Elle afficha un sourire dédaigneux : « Merci, mais si vous voulez vraiment m'aider, autant me donner de l'argent pour que je puisse acheter à manger. »
Zexiu réfléchit un instant, puis sortit une bourse de sa manche, en extirpa quelques pièces d'argent et les lui tendit. Elle sourit, haussant un sourcil, dévoilant un profil gracieux et charmant.
« Merci beaucoup, cher frère. » Elle prit l'argenterie, se frotta les mains tremblantes, se leva et alla de l'autre côté de la rue acheter quelques gâteaux au sésame, les enveloppa dans du papier et les glissa par la fenêtre.
Ze Xiu demanda avec curiosité : « Pourquoi achetez-vous des choses pour les gens à l'intérieur ? Ne vous a-t-elle pas dit de ne pas entrer ? »
Elle ricana : « Absurde ! À quoi bon la laisser mourir de faim ? » Elle mordit dans le gâteau aux graines de sésame, s'étouffa et avala difficilement, parvenant finalement à en avaler la plus grande partie avant de pousser un long soupir de soulagement.
Zexiu la trouvait très intéressante. Bien qu'elle ne fût qu'une enfant, elle parlait avec beaucoup de bon sens.

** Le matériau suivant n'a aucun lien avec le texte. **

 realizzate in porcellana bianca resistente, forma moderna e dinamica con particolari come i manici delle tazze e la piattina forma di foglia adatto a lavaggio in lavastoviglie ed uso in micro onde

Il se pencha pour enlever la neige de son corps, retira l'écharpe en fourrure de renard qu'il portait autour du cou et l'enroula autour d'elle, puis murmura : « Quel est ton nom ? »
La petite fille sourit d'un air malicieux : « L'argent est à moi maintenant que tu me l'as donné. Tu connais mon nom, alors tu comptes me le réclamer ? »

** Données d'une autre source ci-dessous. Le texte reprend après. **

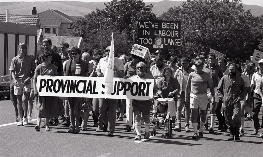 This series of images was taken for a story that ran in on the front page of The Manawatu Evening Standard on 10 February, 1987. The story pertains to the mortgagee auction of a farm owned by Paul Geurtjens of Bulls. Up to 700 protesters attended the auction at Harcourts real estate on Fitzherbert Avenue. Auction proceedings were interrupted by protesters placing false bids and drowning out proceedings. The property was not sold as it didn’t raise a bid. The images of Longburn workers protesting appear on the same roll of film, however it is unclear if theese are from the same event.
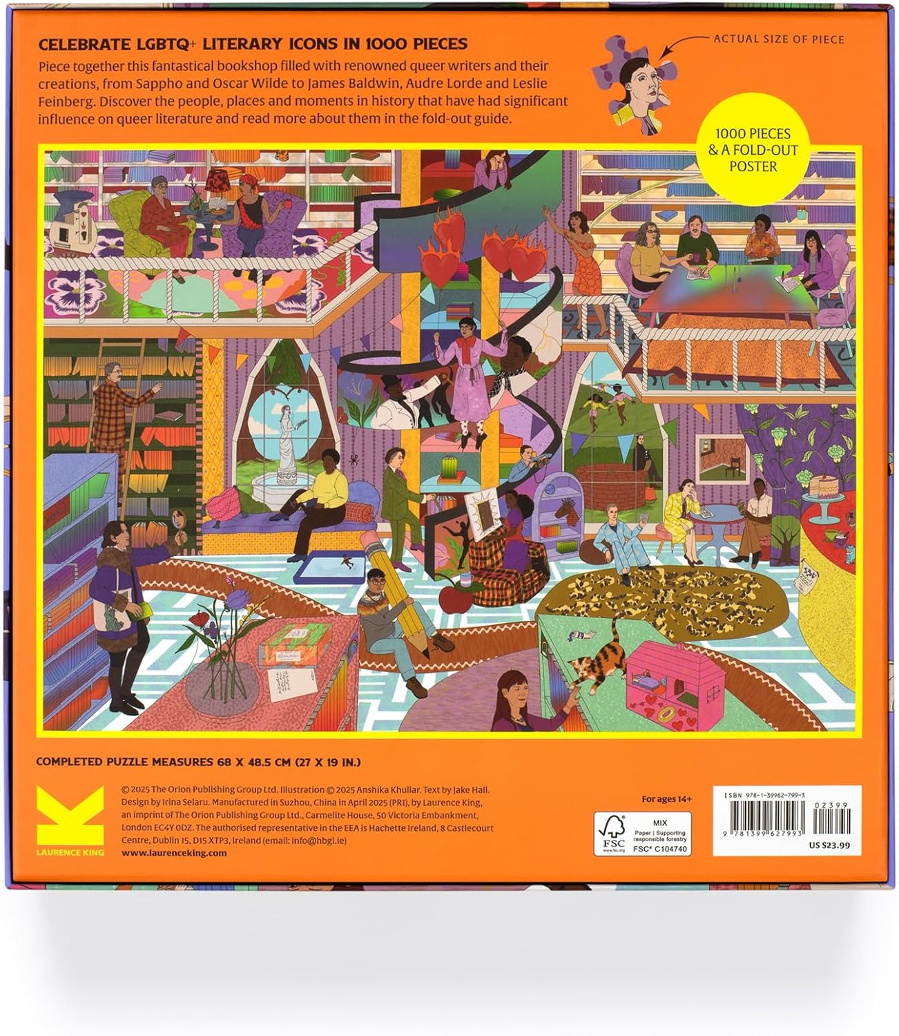 1000-PIECE PUZZLE celebrating LGBTQ+ literary icons, measuring 48.5 x 68 cm (19 x 27 in.) when completed.

Il secoua la tête : « L'argent n'est qu'une chose extérieure, je ne lui ai jamais accordé de valeur. »
Son expression était étrange. Elle dit doucement
: «
Vous êtes si arrogant. L’argent n’est qu’une chose extérieure… Vous n’avez jamais connu la pauvreté, n’est-ce pas
?
» Après avoir dit cela, elle le dévisagea de haut en bas et secoua la tête, ajoutant
: «
À en juger par votre apparence, vous n’êtes qu’un jeune maître riche, le genre qui n’a rien de mieux à faire que de se mettre dans le pétrin.
»
Zexiu était à la fois amusé et exaspéré. Il lui tapota la tête et murmura : « Tu es encore jeune, il y a des choses que tu ne comprends pas. »

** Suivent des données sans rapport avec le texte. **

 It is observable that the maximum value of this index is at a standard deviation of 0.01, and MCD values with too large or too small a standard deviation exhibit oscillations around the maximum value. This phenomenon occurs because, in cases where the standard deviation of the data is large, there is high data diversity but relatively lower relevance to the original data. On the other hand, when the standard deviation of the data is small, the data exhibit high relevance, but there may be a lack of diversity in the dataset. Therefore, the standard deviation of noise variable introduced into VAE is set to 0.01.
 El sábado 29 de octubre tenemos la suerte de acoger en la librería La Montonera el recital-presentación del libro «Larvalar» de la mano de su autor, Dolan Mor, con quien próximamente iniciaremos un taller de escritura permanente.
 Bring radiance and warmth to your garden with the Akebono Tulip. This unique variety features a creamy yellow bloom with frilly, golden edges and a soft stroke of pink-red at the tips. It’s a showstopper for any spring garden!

Elle ne disait rien, mais son expression trahissait clairement son dédain.
« Votre nom », répéta-t-il.
Elle sourit et dit : « Puisque vous êtes riche, autant vous dire mon nom. Je m'appelle Xiaoman. »
Hmm, Xiaoman, Xiaoman, avec ses lèvres couleur cerise et sa taille fine comme un saule, c'est un joli nom.
Zexiu se retourna pour partir lorsqu'elle entendit soudain Xiaoman l'appeler derrière elle : « Hé, comment tu t'appelles ? »
Il réfléchit un instant, secoua la tête et partit sans dire un mot.
Certaines personnes souffrent de la faim et du froid, luttant chaque jour pour survivre. À leurs yeux, tous les maux autres que la survie sont de leur propre fait.
Mais la souffrance se limite-t-elle au déracinement et à l'errance ?
Zexiu quitta la petite ville. Il réfléchissait beaucoup, et parfois, penser à cette fillette le réconfortait un peu. À ses yeux, ses soucis étaient insignifiants, et les siens étaient des épreuves qu'il n'avait jamais connues.
Cependant, il n'y a pas de différence ; ce sont tous des problèmes.
Il a commencé à arrêter les criminels recherchés et à gagner son propre argent, n'ayant plus besoin d'un seul sou de sa famille.
Six mois plus tard, lorsqu'il retourna au manoir, sa mère était déjà décédée.